Develop and schedule a MaxCompute Spark task - DataWorks

You can run Spark on MaxCompute tasks in local or cluster mode. You can also run offline Spark on MaxCompute tasks in cluster mode in DataWorks to integrate the tasks with other types of nodes for scheduling. This topic describes how to configure and schedule a Spark on MaxCompute task in DataWorks.

Prerequisites

An ODPS Spark node is created. For more information, see Create and manage ODPS nodes.

Limits

If an error is reported when you commit an ODPS Spark node that uses the Spark 3.X version, purchase a serverless resource group. For more information, see Create and use a serverless resource group.

Background information

Spark on MaxCompute is a computing service that is provided by MaxCompute and is compatible with open source Spark. Spark on MaxCompute provides a Spark computing framework based on unified computing resource and dataset permission systems. Spark on MaxCompute allows you to use your preferred development method to submit and run Spark tasks. Spark on MaxCompute can meet diverse data processing and analytics requirements. In DataWorks, you can use ODPS Spark nodes to schedule and run Spark on MaxCompute tasks and integrate Spark on MaxCompute tasks with other types of tasks.
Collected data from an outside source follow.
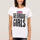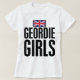 Esta camisa mostra Union Jack (bandeira de união) em vermelho patriótico, branco e azul, é embaixo as palavras de "MENINA GEORDIE" escrita na rotulação corajosa preta.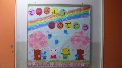 さて、今日のホームページは、前回に引き続き1年、5年の階段掲示です。こちらの掲示板にも卒業をお祝いする気持ちがあふれています。6年生の皆さん、楽しみにしていてください。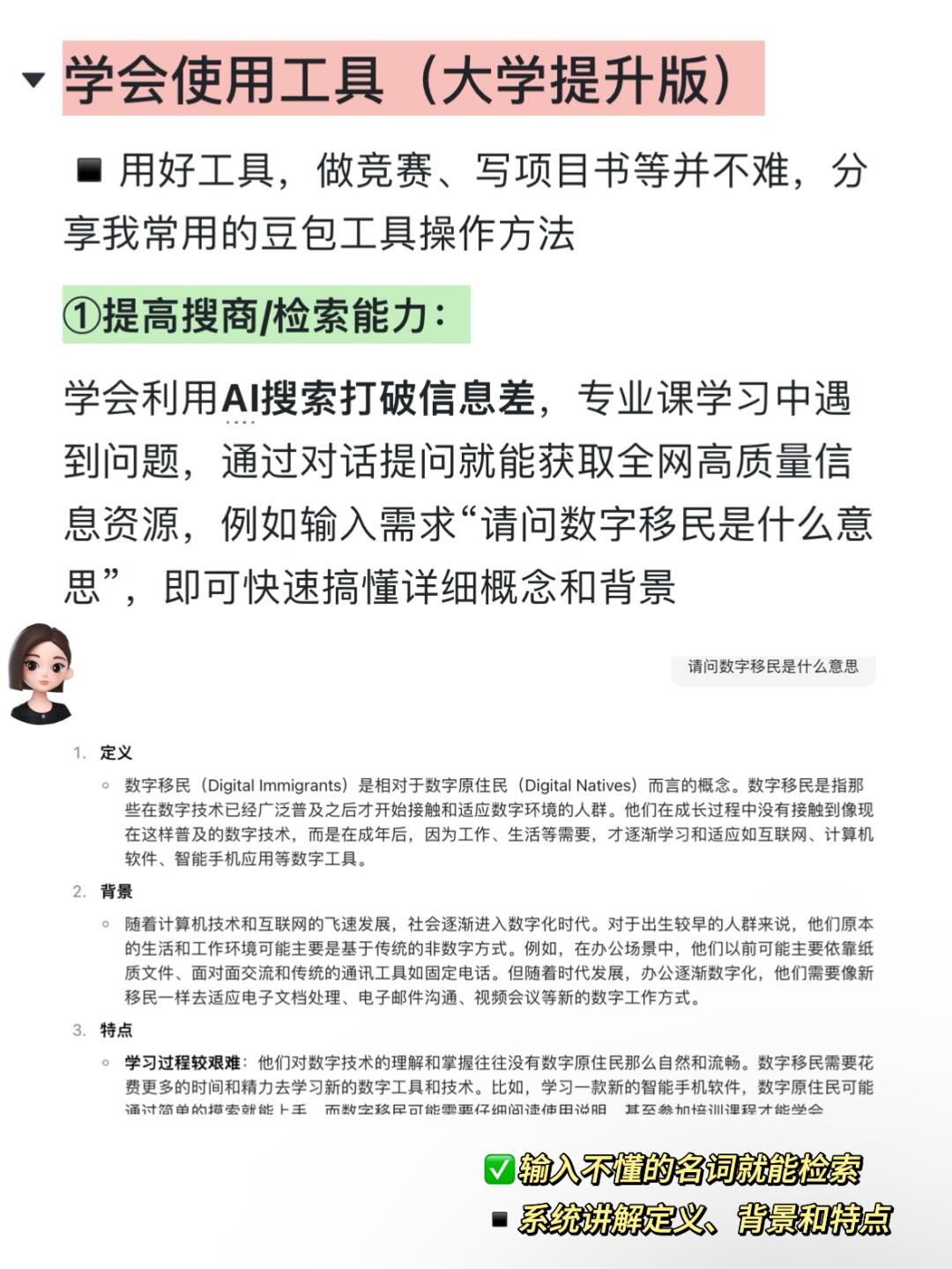 用AI搜索打破信息差,专业课遇到问题对话提问就能获取全网高质量信息,例如输入需求“数字移民是啥意思”,快速搞懂概念和背景,备考遇难题拍照就能搜题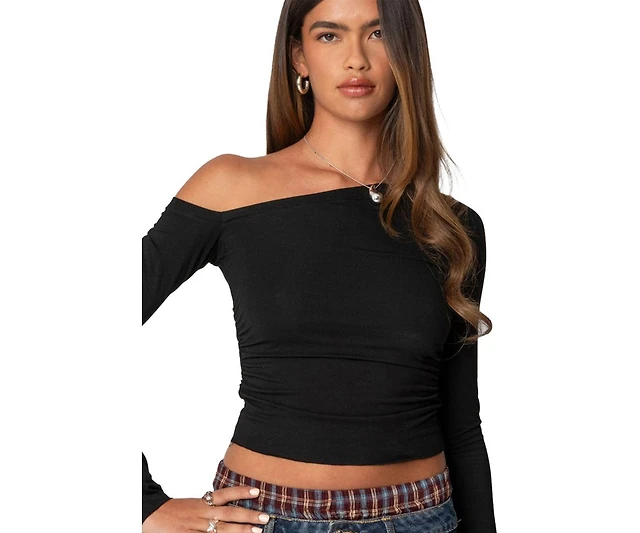 Edikted Womens Stacie Asymmetric Long Sleeve Top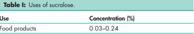 Sucralose is used as a sweetening agent in beverages, foods, and pharmaceutical applications. It has a sweetening power approximately 300–1000 times that of sucrose and has no aftertaste. It has no nutritional value, is noncariogenic, does not promote dental caries, and produces no glycemic response.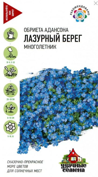 Крупноцветковая обриета - многолетнее растение, образующее распростертые куртинки до 8-10 см высотой, зимующие под снегом. Цветки до 1,5 см, сине-фиолетовые. Цветет в мае - июне, осенью наблюдается повторное цветение. Месторасположение только солнечное, даже в полутени обриета вытягивается и практически не цветет. Обриета предпочитает легкие, не слишком плодородные, некислые почвы. После майского цветения растения сразу обрезают, что способствует быстрому и более компактному росту. Отлично подойдет для создания альпинария.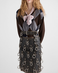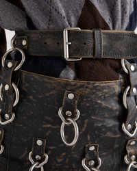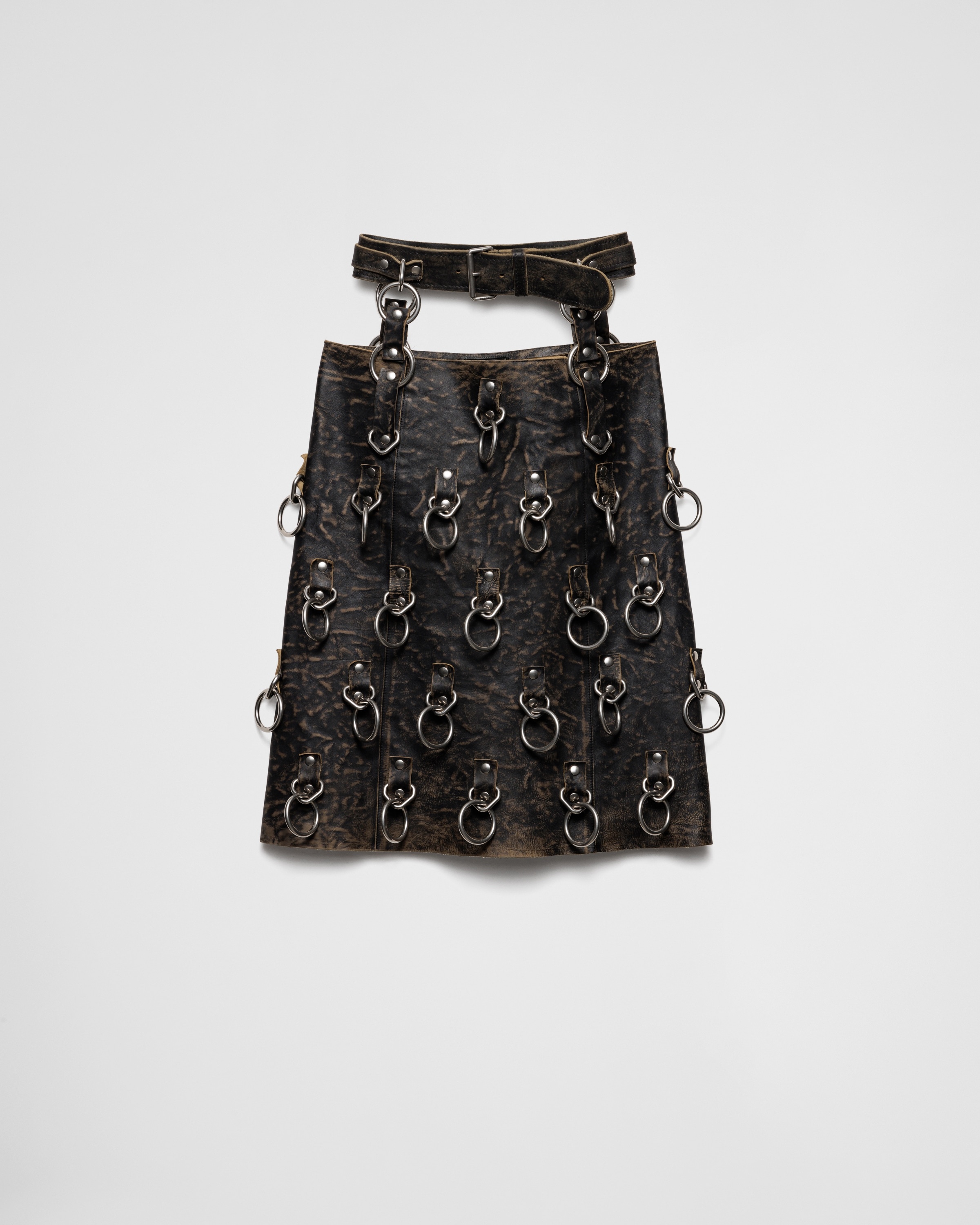 Leather miniskirt with metal rings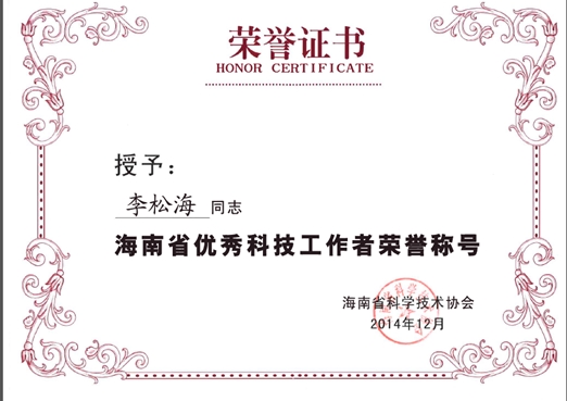 李松海研究員獲“海南省優(yōu)秀科技工作者”榮譽(yù)稱號

Spark on MaxCompute allows you to use Java, Scala, or Python to develop tasks and run the tasks in local or cluster mode. Spark on MaxCompute also allows you to run offline Spark on MaxCompute tasks in cluster mode in DataWorks. For more information about the running modes of Spark on MaxCompute tasks, see Running modes.

Preparations

ODPS Spark nodes allow you to use Java, Scala, or Python to develop and run offline Spark on MaxCompute tasks. The operations and parameters that are required for developing the offline Spark on MaxCompute tasks vary based on the programming language that you use. You can select a programming language based on your business requirements.

Java/Scala

Before you run Java or Scala code in an ODPS Spark node, you must complete the development of code for a Spark on MaxCompute task on your on-premises machine and upload the code to DataWorks as a MaxCompute resource. You must perform the following steps:

Prepare a development environment.
You must prepare the development environment in which you want to run a Spark on MaxCompute task based on the operating system that you use. For more information, see Set up a Linux development environment or Set up a Windows development environment.
Develop Java or Scala code.
Before you run Java or Scala code in an ODPS Spark node, you must complete the development of code for a Spark on MaxCompute task on your on-premises machine or in the prepared development environment. We recommend that you use the sample project template provided by Spark on MaxCompute.
Package the developed code and upload the code to DataWorks.
After the code is developed, you must package the code and upload the package to DataWorks as a MaxCompute resource. For more information, see Create and use MaxCompute resources.

Programming language: Python (Use the default Python environment)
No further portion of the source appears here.